中国大诗家写诗多半从年轻时就写起,一路写到老,像杜工部、韩昌黎、苏东坡都这样。我曾说过,必得有此人,乃能有此诗。循此说下,必得是一完人,乃能有一完集。而素来的大诗人,2018手机看开奖,却似乎一开始,便有此境界格局了。此即证中国古人天赋人性之说。故文学艺术皆出蠢才。苏黄以诗齐名,而山谷之文无称焉。曾巩以文名,诗亦无传。中国文学一本之性格。曹氏父子之在建安,多发明。李杜在开元,则多承袭。但虽有继承,亦出创造。然其发现,实亦承继于天性。近人提倡新文学,岂亦天如人愿,人人得有其一分之禀赋乎。西方文学重要在艰深,得民众之好。中国文学贵自抒己情,以待知者知,此亦其一异。

故中国人学文学,实即是学做人一条径直的大道。诸位会觉得,要破意做一人,便得要修养。即如要做到杜工部这样每饭不忘君亲,念念在忠君爱国上,切实不容易。真实 未审下棋,便该本人下。唱戏,便该自己唱。学讲话,便该自己开口讲。要做一个人,就得自己实地去做。实在这情理还是很简单,主要在咱们能切实跑到那地方去。要真破志,实在际履,亲身去到那处所。中国古人曾说“诗言志;,此是说诗是讲我们心里货色的,若心里龌龊,怎能作出干净的诗,心里卑鄙,怎能作出光明的诗。所以学诗便会使人走上人生另一境界去。正因文学是人生最亲切的货色,而中国文学又是最真实的人生写照,所以学诗就成为学做人的一条径直大道了。

文化定要从全部人生来讲。所以我说中国要有新文化,必定要有新文学。文学开新,是文化开新的第一步。
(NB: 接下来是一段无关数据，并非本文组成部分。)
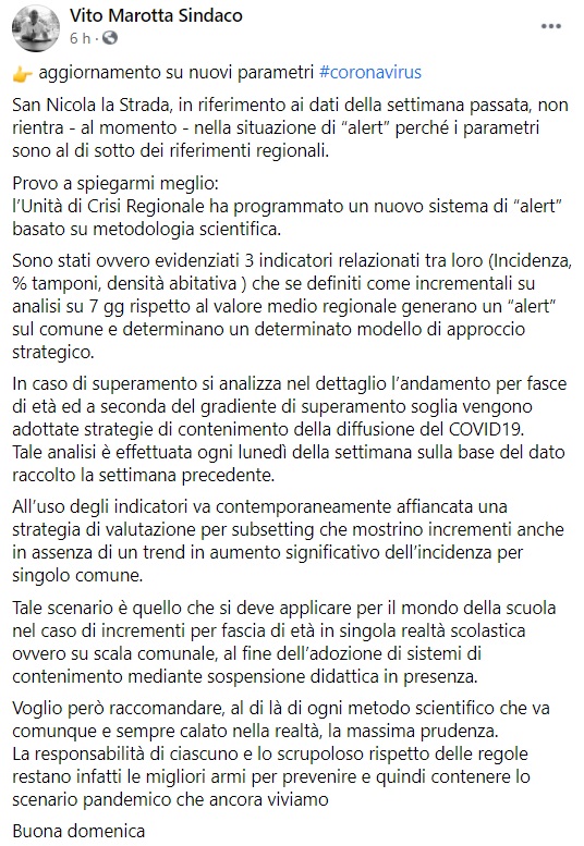 "aggiornamento su nuovi parametri #coronavirus. San Nicola la Strada, in riferimento ai dati della settimana passata, non rientra - al momento - nella situazione di “alert” perché i parametri sono al di sotto dei riferimenti regionali. Provo a spiegarmi meglio: l’Unità di Crisi Regionale ha programmato- si legge nella nota- un nuovo sistema di “alert” basato su metodologia scientifica. Sono stati ovvero evidenziati 3 indicatori relazionati tra loro (Incidenza, % tamponi, densità abitativa ) che se definiti come incrementali su analisi su 7 gg rispetto al valore medio regionale generano un “alert” sul comune e determinano un determinato modello di approccio strategico. In caso di superamento si analizza nel dettaglio l’andamento per fasce di età ed a seconda del gradiente di superamento soglia vengono adottate strategie di contenimento della diffusione del COVID19. Tale analisi è effettuata ogni lunedì della settimana sulla base del dato raccolto la settimana precedente. All’uso degli indicatori- si legge nella nota- va contemporaneamente affiancata una strategia di valutazione per subsetting che mostrino incrementi anche in assenza di un trend in aumento significativo dell’incidenza per singolo comune. Tale scenario è quello che si deve applicare per il mondo della scuola nel caso di incrementi per fascia di età in singola realtà scolastica ovvero su scala comunale, al fine dell’adozione di sistemi di contenimento mediante sospensione didattica in presenza. Voglio però raccomandare, al di là di ogni metodo scientifico che va comunque e sempre calato nella realtà, la massima prudenza. La responsabilità di ciascuno e lo scrupoloso rispetto delle regole restano infatti- si legge nella nota- le migliori armi per prevenire e quindi contenere lo scenario pandemico che ancora viviamo. Buona domenica"

一个光亮的时代降临,必先从文学起。一个败落的时期来临,也必从文学起。但我们只该爱好文学就够了,不一定要自己去做一文学家。不要空想必做一诗人,诗应是到了非写不可时才该写。若心田不觉有这恳求,能读人家诗就很够。我们不用每人自己要做一个文学家,可是不能不懂文学,不通文学,那总是一大缺憾。这一缺憾,好像比不懂历史,不懂哲学还更大。